Anti-IL-1β therapy: It is now appreciated that IL-1β is a central player in gouty inflammation, and IL-β has also been appreciated as an inflammatory cytokine associated with cardiovascular disease. Thus, it was interesting to observe the recent CANTOS trial, in which the antigout, anti-IL-1β biologic canakinumab was shown to reduce major cardiovascular events in a large cohort of patients.[35] This trial provides the first definitive proof-of-principle that an anti-inflammatory strategy can reduce cardiovascular risk. As the benefit was modest, and the expense of canakinumab is high, it is unlikely to advance to common use. Perhaps not surprisingly, a recently published secondary analysis revealed that the use of canakinumab in CANTOS also reduced the rate of incident gout (e.g. first gouty attack). Whether other anti-IL1β therapies (e.g. anakinra) would have similar effects is not known. Of note, some studies suggest that colchicine itself may reduce IL-1β levels by blocking its cellular production.[36]

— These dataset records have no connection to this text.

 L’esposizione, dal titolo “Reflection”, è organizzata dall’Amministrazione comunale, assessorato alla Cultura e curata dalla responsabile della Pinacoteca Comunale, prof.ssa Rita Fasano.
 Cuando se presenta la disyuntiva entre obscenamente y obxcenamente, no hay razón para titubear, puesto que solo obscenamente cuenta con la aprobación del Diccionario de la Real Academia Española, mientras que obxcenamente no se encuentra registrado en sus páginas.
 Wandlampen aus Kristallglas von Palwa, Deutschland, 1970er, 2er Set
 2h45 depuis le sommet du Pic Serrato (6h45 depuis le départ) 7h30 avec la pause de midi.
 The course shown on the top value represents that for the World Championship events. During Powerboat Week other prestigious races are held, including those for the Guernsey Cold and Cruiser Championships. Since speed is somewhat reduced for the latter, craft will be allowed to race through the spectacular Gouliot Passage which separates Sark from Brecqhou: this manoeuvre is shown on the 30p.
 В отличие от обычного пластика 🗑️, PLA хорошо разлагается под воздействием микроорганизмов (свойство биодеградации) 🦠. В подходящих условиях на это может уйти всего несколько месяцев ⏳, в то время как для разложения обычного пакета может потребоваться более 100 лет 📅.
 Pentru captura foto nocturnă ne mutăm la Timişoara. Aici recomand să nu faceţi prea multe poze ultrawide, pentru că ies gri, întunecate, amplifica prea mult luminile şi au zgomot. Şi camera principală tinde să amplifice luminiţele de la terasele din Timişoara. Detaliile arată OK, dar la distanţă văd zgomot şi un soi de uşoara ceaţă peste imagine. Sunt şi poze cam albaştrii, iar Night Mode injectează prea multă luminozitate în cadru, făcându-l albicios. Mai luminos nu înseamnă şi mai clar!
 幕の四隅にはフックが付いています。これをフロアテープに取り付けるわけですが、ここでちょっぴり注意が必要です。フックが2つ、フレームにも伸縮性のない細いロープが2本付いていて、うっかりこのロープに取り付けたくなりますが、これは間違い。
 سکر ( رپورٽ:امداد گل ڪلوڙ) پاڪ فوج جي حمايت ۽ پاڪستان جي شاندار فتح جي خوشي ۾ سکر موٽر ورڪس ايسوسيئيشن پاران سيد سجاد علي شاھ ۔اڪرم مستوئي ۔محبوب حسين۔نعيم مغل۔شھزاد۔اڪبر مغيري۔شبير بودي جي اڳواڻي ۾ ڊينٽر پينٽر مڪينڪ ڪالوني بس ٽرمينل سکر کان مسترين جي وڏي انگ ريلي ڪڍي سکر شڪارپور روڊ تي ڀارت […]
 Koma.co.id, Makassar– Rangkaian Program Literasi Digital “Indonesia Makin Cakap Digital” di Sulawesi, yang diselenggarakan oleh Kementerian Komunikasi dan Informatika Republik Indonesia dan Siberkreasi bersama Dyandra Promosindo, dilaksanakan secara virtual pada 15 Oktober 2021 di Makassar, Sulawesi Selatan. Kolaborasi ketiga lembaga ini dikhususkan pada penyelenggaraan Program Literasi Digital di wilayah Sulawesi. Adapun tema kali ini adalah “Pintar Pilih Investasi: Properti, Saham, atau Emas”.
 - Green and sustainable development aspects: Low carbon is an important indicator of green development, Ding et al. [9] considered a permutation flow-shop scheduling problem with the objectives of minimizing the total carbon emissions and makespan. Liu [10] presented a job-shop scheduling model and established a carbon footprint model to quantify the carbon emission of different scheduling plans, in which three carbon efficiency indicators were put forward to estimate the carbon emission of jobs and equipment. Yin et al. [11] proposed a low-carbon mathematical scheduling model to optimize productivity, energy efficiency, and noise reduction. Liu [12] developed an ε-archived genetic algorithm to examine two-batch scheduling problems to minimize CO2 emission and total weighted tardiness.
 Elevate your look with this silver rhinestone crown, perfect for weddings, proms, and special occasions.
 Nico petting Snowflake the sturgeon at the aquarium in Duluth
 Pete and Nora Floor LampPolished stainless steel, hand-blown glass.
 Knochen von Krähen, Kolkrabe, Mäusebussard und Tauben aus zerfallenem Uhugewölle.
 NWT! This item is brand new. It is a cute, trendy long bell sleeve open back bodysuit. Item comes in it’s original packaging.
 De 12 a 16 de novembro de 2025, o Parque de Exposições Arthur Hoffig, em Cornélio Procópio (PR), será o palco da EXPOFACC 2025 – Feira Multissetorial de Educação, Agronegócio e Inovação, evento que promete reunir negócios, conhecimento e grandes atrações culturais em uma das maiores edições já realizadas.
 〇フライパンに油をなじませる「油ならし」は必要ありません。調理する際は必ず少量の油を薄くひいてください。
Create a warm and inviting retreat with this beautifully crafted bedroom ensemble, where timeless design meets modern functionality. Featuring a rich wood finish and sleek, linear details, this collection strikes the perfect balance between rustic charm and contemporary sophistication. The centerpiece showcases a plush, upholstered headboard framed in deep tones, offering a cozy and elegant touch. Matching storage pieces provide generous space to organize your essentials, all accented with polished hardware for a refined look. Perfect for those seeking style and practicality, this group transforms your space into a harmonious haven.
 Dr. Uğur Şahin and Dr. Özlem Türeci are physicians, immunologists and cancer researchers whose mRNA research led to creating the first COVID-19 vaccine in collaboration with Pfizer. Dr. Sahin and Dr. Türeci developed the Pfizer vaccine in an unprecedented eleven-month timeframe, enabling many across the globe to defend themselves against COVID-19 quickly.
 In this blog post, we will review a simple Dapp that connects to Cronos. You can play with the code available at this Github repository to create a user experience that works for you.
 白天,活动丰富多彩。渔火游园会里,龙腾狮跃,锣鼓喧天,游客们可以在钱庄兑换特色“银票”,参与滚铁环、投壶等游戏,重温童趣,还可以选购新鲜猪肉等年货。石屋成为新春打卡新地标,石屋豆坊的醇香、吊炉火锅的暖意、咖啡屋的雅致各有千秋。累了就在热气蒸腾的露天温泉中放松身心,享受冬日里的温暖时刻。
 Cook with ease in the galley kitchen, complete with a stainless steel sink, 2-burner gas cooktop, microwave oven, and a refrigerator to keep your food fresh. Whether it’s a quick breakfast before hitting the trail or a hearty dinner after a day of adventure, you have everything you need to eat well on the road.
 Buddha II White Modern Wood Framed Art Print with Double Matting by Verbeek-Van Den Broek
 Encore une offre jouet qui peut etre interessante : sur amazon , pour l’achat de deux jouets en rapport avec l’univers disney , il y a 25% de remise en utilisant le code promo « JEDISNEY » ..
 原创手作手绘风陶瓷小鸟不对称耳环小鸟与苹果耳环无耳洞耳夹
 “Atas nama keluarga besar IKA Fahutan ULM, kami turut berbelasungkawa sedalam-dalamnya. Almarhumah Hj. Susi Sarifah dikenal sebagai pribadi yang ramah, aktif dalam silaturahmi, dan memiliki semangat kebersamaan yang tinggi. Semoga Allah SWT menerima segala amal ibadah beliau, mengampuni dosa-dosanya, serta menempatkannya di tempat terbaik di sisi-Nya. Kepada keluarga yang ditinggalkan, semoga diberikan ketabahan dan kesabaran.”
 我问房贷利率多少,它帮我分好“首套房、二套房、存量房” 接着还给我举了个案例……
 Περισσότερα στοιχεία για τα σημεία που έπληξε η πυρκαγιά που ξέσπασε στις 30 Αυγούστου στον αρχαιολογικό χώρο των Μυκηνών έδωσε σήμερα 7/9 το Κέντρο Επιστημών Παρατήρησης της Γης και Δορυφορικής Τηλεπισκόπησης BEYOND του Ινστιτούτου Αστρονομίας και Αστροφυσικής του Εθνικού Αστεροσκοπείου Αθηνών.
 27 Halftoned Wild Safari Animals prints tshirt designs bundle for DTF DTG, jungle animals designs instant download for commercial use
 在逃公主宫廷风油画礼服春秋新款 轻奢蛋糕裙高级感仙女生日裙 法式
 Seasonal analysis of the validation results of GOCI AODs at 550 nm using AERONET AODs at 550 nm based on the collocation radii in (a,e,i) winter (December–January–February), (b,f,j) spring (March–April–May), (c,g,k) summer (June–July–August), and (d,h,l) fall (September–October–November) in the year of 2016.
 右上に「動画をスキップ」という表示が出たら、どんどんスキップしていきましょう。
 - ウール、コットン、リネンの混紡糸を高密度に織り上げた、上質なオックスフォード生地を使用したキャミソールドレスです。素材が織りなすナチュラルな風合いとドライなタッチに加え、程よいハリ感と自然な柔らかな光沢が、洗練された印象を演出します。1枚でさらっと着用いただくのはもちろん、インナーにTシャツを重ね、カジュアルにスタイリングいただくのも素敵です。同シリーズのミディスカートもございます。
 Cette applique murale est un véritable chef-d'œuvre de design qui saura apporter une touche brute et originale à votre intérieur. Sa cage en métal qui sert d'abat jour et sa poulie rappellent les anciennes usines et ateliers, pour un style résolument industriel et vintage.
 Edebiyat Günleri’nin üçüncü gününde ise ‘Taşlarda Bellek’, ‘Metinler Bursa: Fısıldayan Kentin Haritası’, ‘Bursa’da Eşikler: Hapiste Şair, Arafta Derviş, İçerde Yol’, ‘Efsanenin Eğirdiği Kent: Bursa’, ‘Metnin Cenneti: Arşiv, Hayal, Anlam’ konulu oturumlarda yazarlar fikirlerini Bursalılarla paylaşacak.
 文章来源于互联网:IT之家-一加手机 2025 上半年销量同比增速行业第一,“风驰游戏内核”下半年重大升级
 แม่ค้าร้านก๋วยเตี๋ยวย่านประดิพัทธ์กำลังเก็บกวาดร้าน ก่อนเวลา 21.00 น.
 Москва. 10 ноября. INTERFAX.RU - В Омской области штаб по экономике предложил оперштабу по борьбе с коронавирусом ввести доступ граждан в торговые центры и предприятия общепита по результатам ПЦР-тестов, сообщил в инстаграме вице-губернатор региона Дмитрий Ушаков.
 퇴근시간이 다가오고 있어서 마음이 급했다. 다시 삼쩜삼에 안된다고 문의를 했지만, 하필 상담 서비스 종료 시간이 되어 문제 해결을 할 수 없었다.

Statins and Cardiovascular Risk in Gout Patients

Many gout patients require statins to treat hyperlipidemia, raising the question of whether statins can reduce cardiovascular risk in gout patients. Indeed, the understanding that statins may exert a protective effect not only by reducing serum lipids but also through an anti-inflammatory effect, suggests the possibility of an additional cardioprotective role in patients with gout.[37] In one incident user cohort study, patients with gout who initiated statins had significantly reduced all-cause mortality compared with a propensity score-matched cohort of patients with gout not taking statins (hazard ratio 0.84). The benefit was even more pronounced for those patients without known cardiovascular disease (hazard ratio 0.65).[38] In a prior meta-analysis investigating clinical trials of statins for patients at low risk of vascular disease, statin use conferred a more modest reduction in mortality, with a relative risk of 0.91.[39] More data is needed, but these initial data suggest that statins might be effective at reducing mortality in the gout population.